IEEE/The Open Group
This manual page is part of the POSIX Programmer’s Manual. The Linux implementation of this interface may differ (consult the corresponding Linux manual page for details of Linux behavior), or the interface may not be implemented on Linux.
tcgetattr — get the parameters associated with the terminal
int tcgetattr(int fildes, struct termios *termios_p);
The tcgetattr() function shall get the parameters associated with the terminal referred to by fildes and store them in the termios structure referenced by termios_p. The fildes argument is an open file descriptor associated with a terminal.
The termios_p argument is a pointer to a termios structure.
The tcgetattr() operation is allowed from any process.
If the terminal device supports different input and output baud rates, the baud rates stored in the termios structure returned by tcgetattr() shall reflect the actual baud rates, even if they are equal. If differing baud rates are not supported, the rate returned as the output baud rate shall be the actual baud rate. If the terminal device does not support split baud rates, the input baud rate stored in the termios structure shall be the output rate (as one of the symbolic values).
Upon successful completion, 0 shall be returned. Otherwise, -1 shall be returned and errno set to indicate the error.

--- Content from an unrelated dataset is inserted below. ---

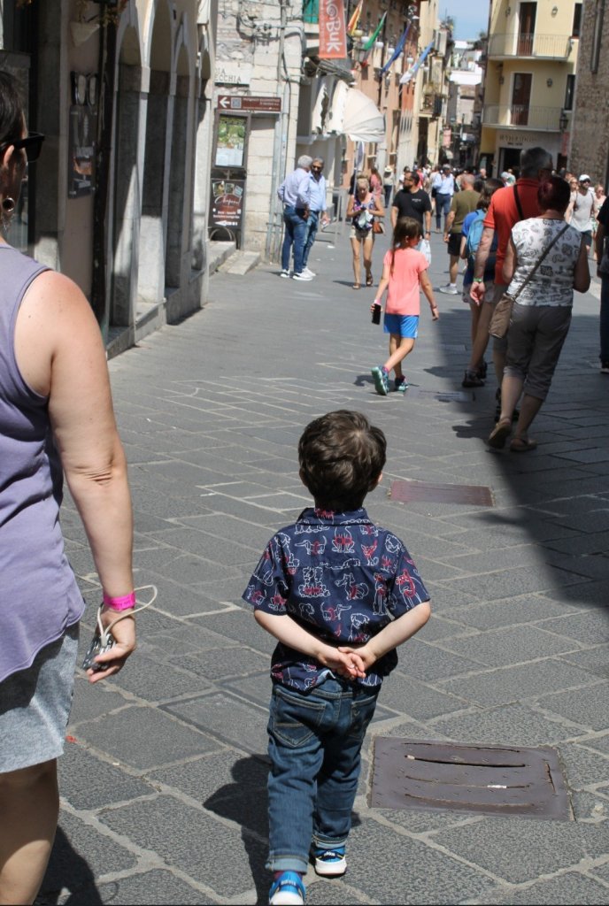 As we were walking, we passed a Gelato shop. There were many different options and our bambino settled on fragola (strawberry) Gelato. He never had it before our trip to Sicily, but he loved it.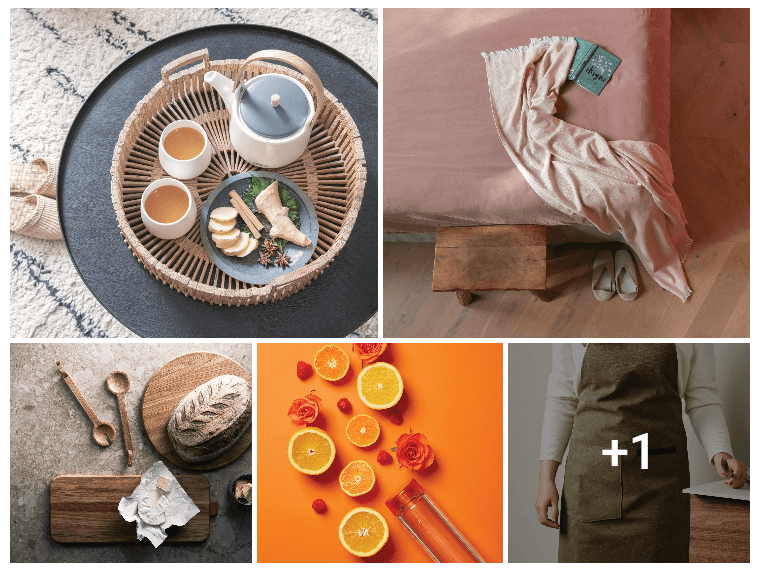 Детали интерьера, аксессуары, посуда и текстиль для сервировки, а также сумки для сортировки мусора, подарочные комплекты: ежедневники, термостаканы, ручки в эко-коробках и сумках, головоломки из дерева FSC® и т.д.

The tcgetattr() function shall fail if:
The following sections are informative.
|EBADF||The fildes argument is not a valid file descriptor.|
|ENOTTY||The file associated with fildes is not a terminal.|
Care must be taken when changing the terminal attributes. Applications should always do a tcgetattr(), save the termios structure values returned, and then do a tcsetattr(), changing only the necessary fields. The application should use the values saved from the tcgetattr() to reset the terminal state whenever it is done with the terminal. This is necessary because terminal attributes apply to the underlying port and not to each individual open instance; that is, all processes that have used the terminal see the latest attribute changes.
A program that uses these functions should be written to catch all signals and take other appropriate actions to ensure that when the program terminates, whether planned or not, the terminal device’s state is restored to its original state.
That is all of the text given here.